Do we need another performance-art sermon on America’s innate unfairness from billionaire entertainers such as Beyonce, Jay-Z or Oprah Winfrey, or from multimillionaire Delta or Coca-Cola CEOs?

During the 1980s cultural war, the left’s mantra was “race, class and gender.” Occasionally we still hear of that trifecta, but the class part has increasingly disappeared. The neglect of class is ironic given that a number of recent studies conclude class differences are widening as never before.

Middle-class incomes among all races have stagnated, and family net worth has declined. Far greater percentages of rising incomes go to the already rich. Student debt, mostly a phenomenon of the middle and lower classes, has hit $1.7 trillion.

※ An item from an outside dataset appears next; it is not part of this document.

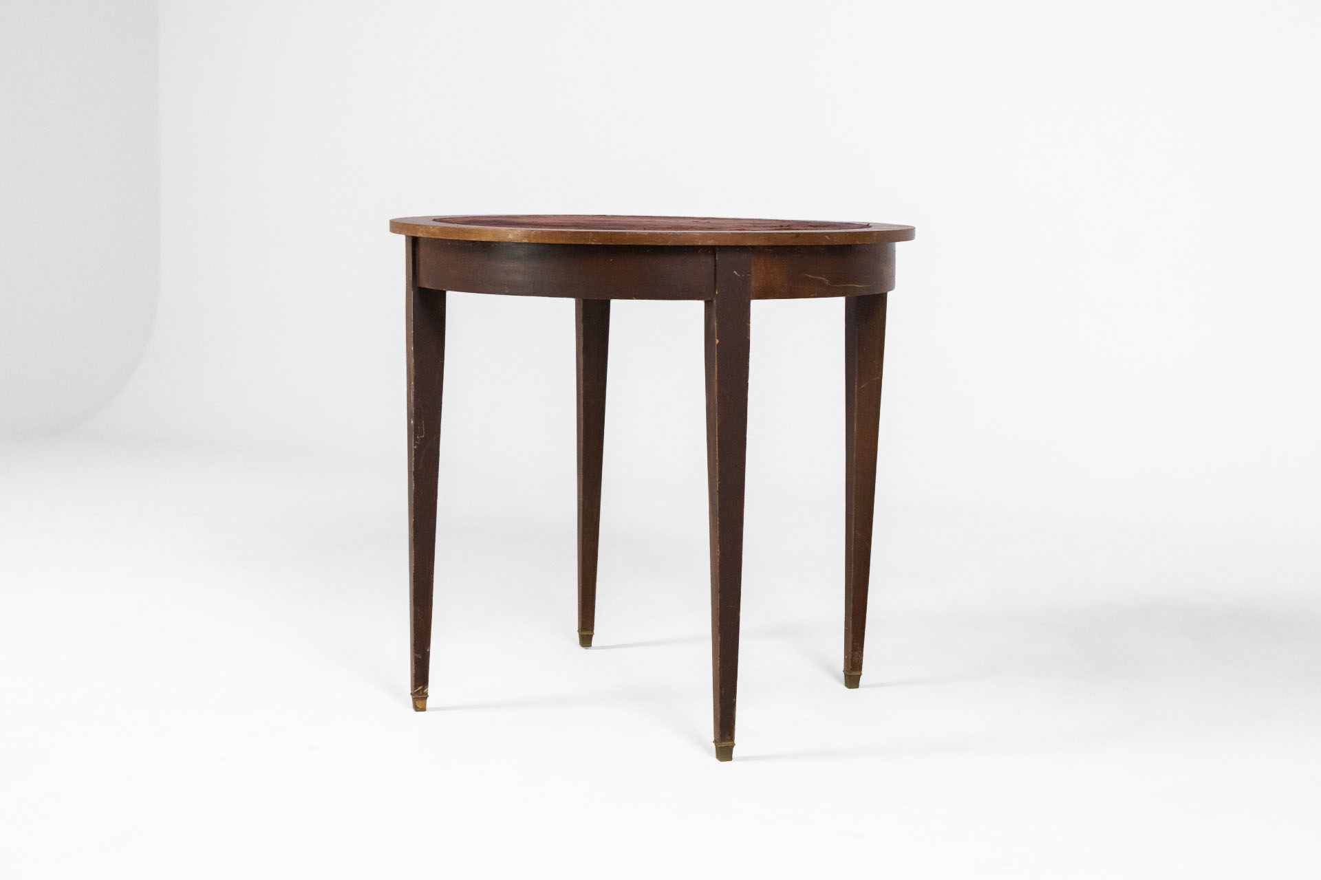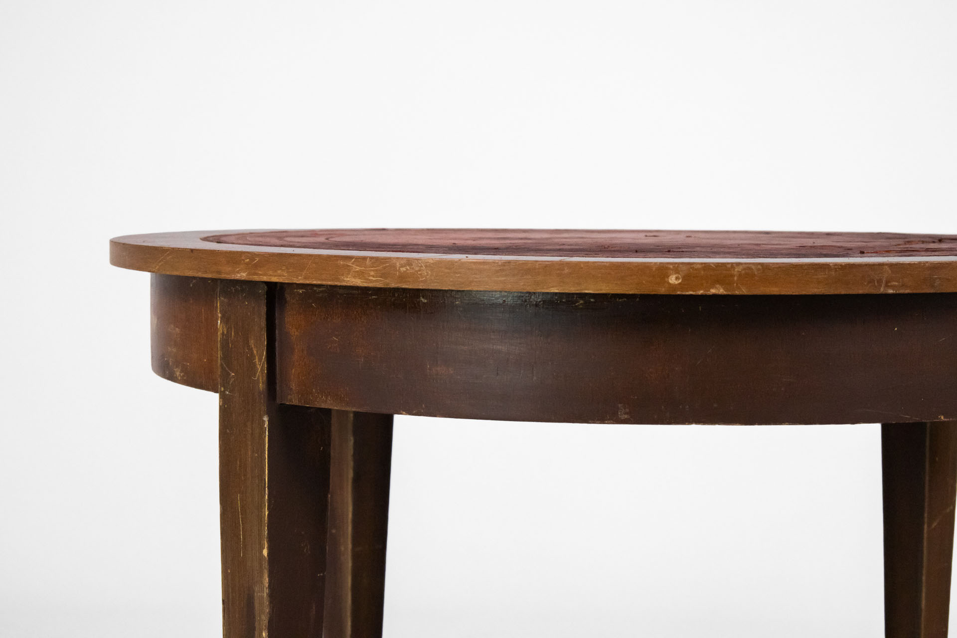 Klasszikus stílusú, kerek dohányzóasztal, amely elegáns megjelenésével és letisztult formájával bármely enteriőr dísze lehet. A sötétbarna fa szerkezet és a vöröses árnyalatú asztallap harmonikus összhangot teremt,...
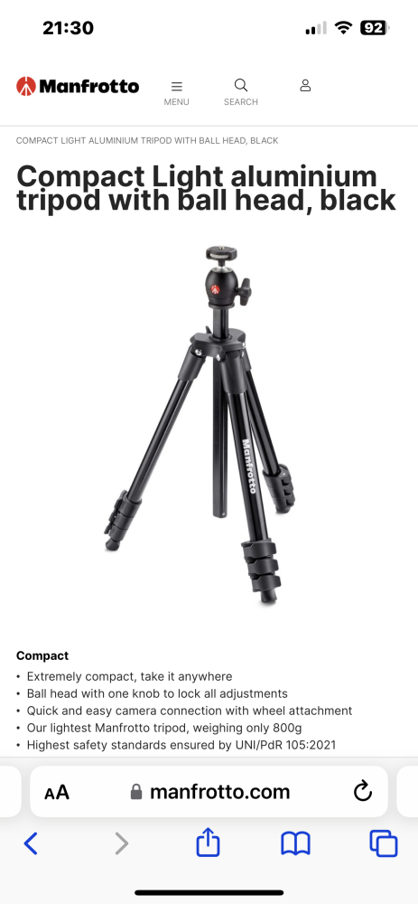 Jeg hadde tidligere Manfrotto Compact Light. Det var jeg alvorlig bra fornøyd med. MYE mer stabilt enn andre stativ 400-600 grams klassen. Helt «stumt og dødt» når jeg brukte det, mens andre i samme klasse var en eller annen form for bevegelse i eller trengte lang tid for å roe seg. Også enkelt å sette opp, og justere, det oser av kvalitet. https://www.manfrotto.com/global/compact-light-aluminium-tripod-with-ball-head-black-mkcompactlt-bk/

States such California have bifurcated into medieval-style societies. California’s progressive coastal elites boast some of the highest incomes in the nation. But in the more conservative north and central interior, nearly a third of the population lives below the poverty line — explaining why one of every three American welfare recipients lives in California.

California’s heating, cooling, gasoline and housing costs are the highest in the continental United States. Most of these spiraling costs are attributable to polices embraced by an upper-class elite — in Silicon Valley, Hollywood and marquee universities — whose incomes shield them from the deleterious consequences of their utopian bromides. The poor and middle classes have no such insulation.